Is there a case for Lally et al to answer? Morally, of course, there is, but, in UK law, there is as yet no precedent to help lawyers advise the artist as to how the courts might judge the unique circumstances of this case. Such a legal action would indeed be unprecedented; the act came into force less than two years ago. It would also be expensive to pursue.
One further, possibly decisive, argument that might be used against the artist may well be found in the terms of his original commission agreement. The commissioner and artist seem to have agreed that parting with possession was both contemplated and permissible – so long as the artist was notified where the work had gone. This probably amounts to a contractual ‘waiver’ by the artist of his statutory moral right to object to any such removal on the grounds that it would prejudice his ‘honour and reputation’. The Act specifically provides that artists are allowed to waive – forego – their statutory moral rights. Perhaps this is why the artist is now diverting his energies and expenses into fighting a political battle to right the moral wrong he is suffering. We wish him well and would seek to draw from this unsatisfactory scenario some lessons:
- Site-specific commissions require clear contractual terms tying down the site owner (not necessarily the same body as the commissioner) to keeping and maintaining the work – and for as long as need be.
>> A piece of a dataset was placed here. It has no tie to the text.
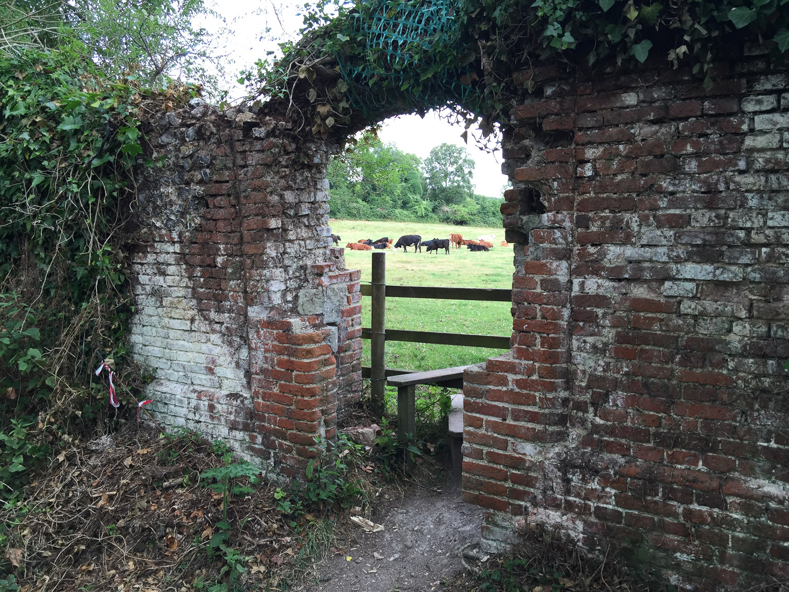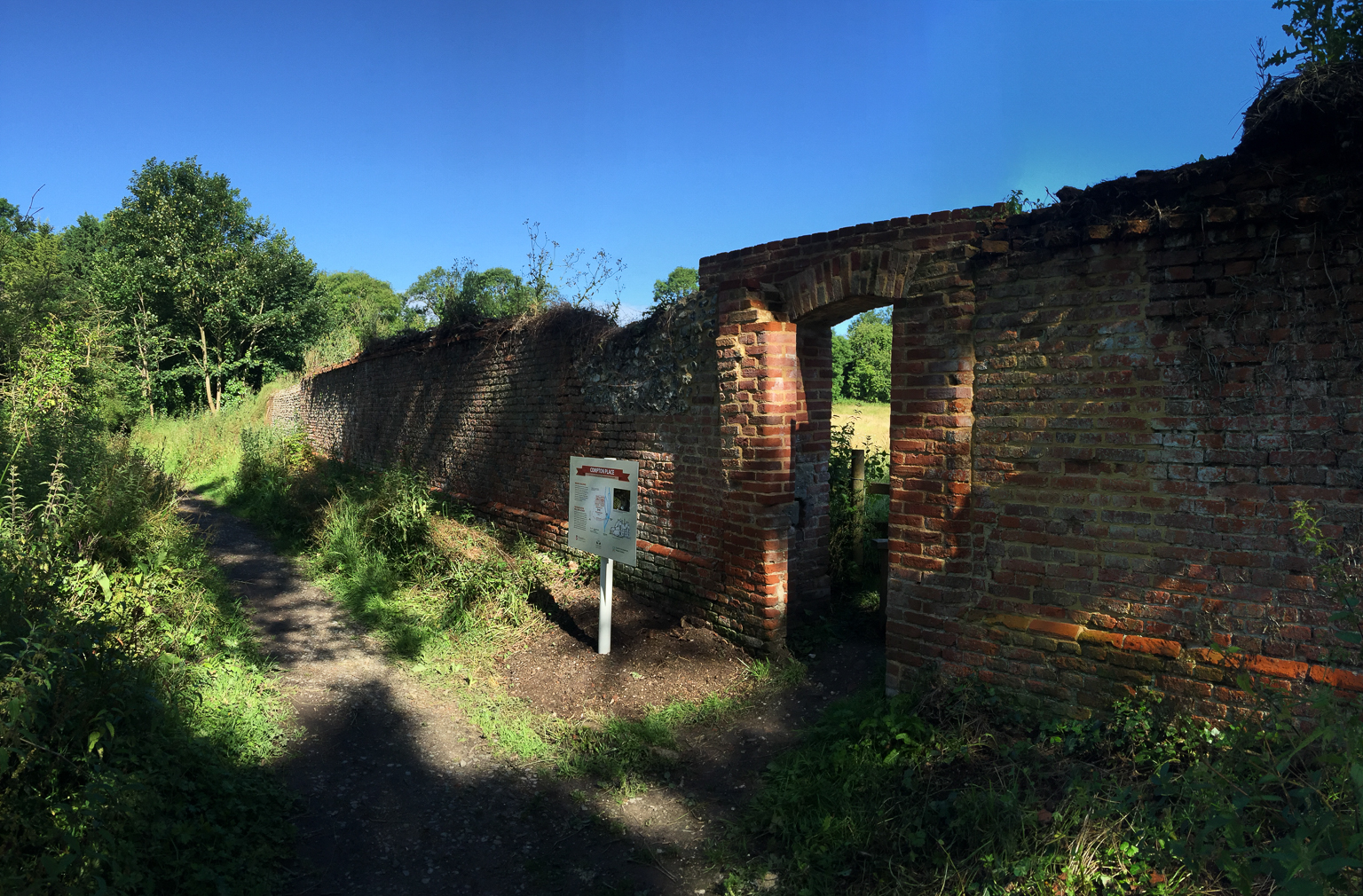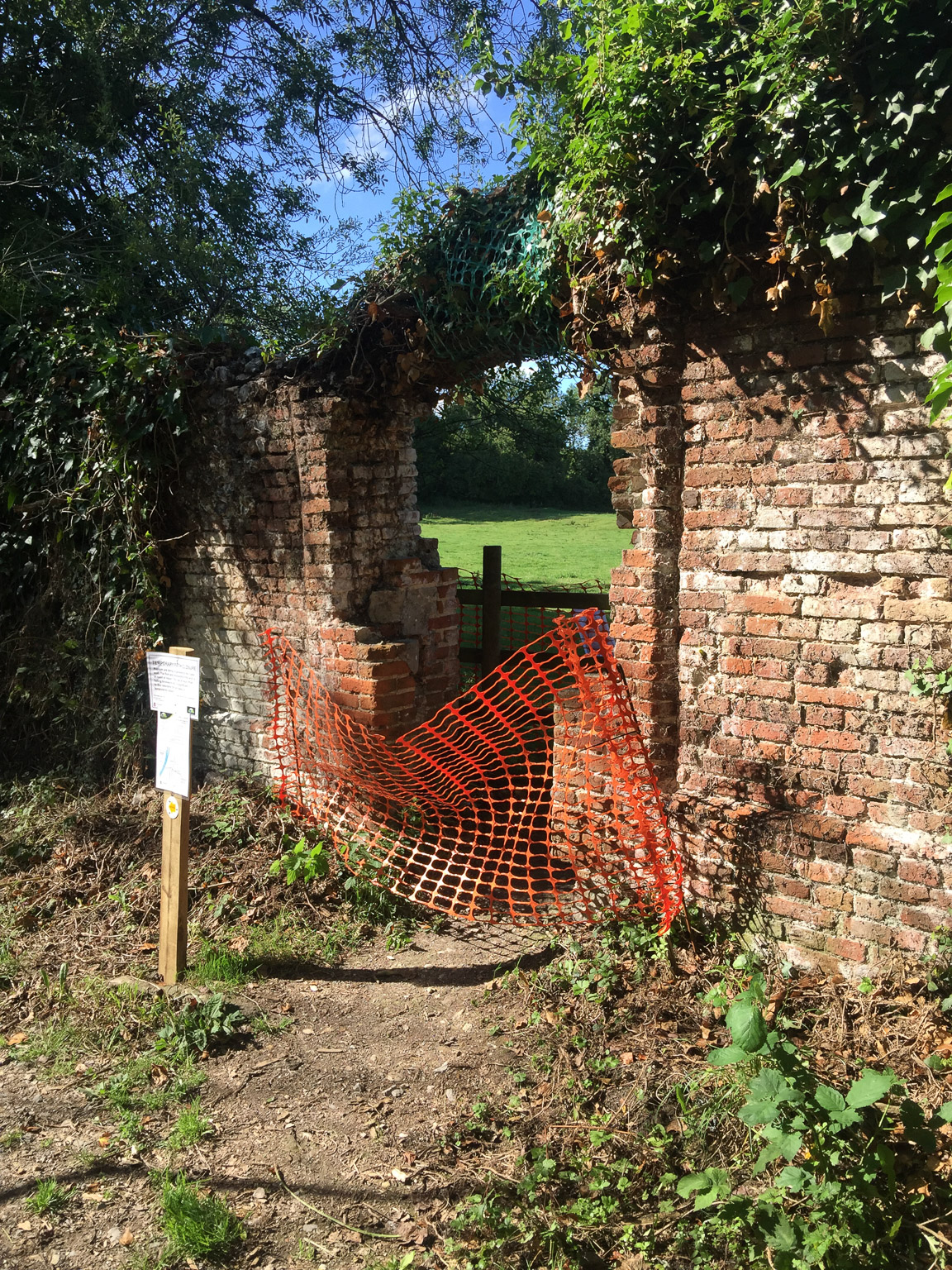 In 1713, the lease of land by Sir Henry Worsley to John Goldfinch includes “ … lands where the ancient manor house, outhouses and gardens lately stood”. The only remaining evidence is a fragment of the 16th century brick and flint wall, and the narrow Tudor arched gateway.
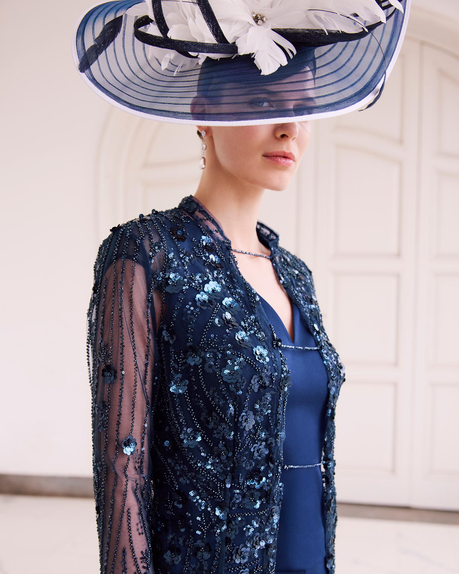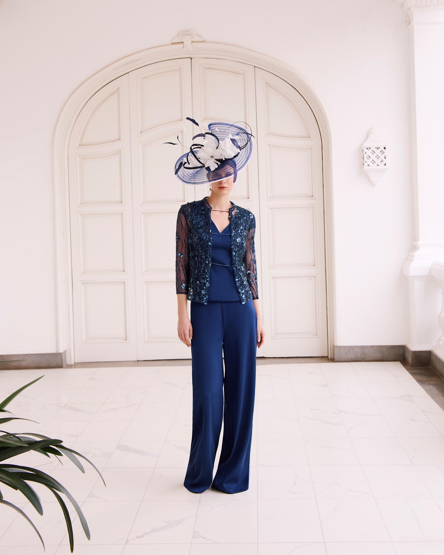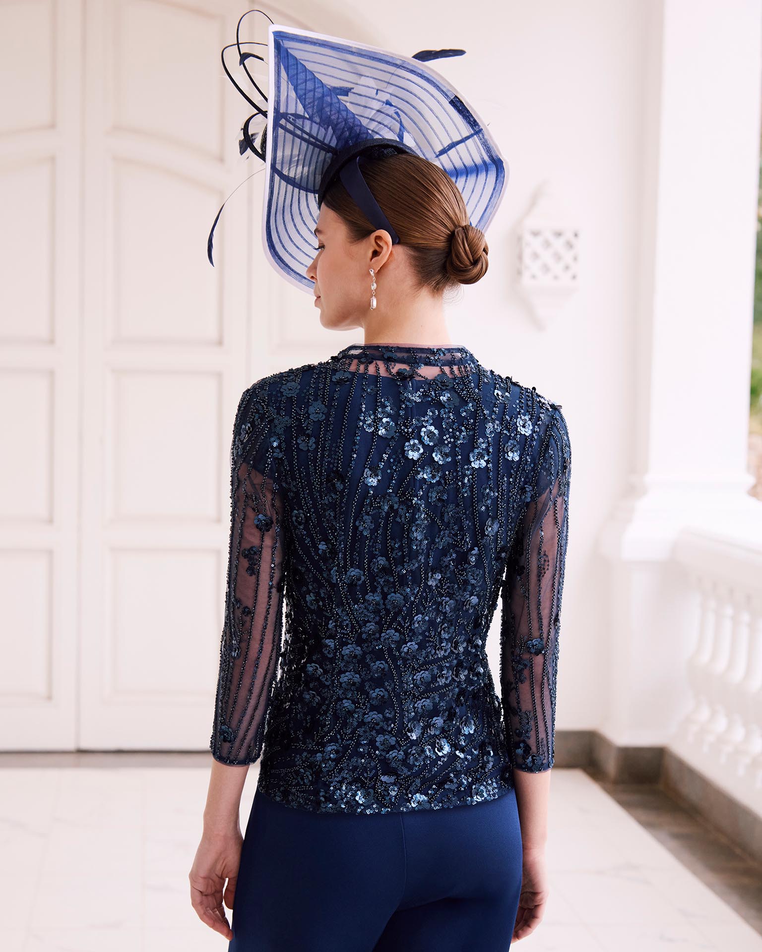 Camicetta e pantaloni da sera, tre pezzi in crêpe satinato. Scollo a V, maniche corte e schiena chiusa. Con giacca.

- Whether or not site-specific artists and commissioners should agree whether the completed work is, or is not, to be owned by someone other than the artist (assuming the work will be movable).
- Whether or not site-specific or owned by someone other than the artist, commission agreements should clarify that the completed work will not be subjected to any addition, amendment, alteration, deletion or even complete destruction – without the artists express consent.
- As for non-commissioned works intended by artists to be allowed out of their possession at some stage during their lives or during the fifty years after death, that the work has indelibly marked on it a declaration about copyright ownership and the existence of statutory moral rights including identification as author and absolute protection against any derogatory treatment.
All of that is easier said than done. What it takes is a lot of foresight and a little legal help at the outset; the former is a quality possessed of artists in spades; the latter can be quite difficult to find, we know. Hence this little piece of hindsight.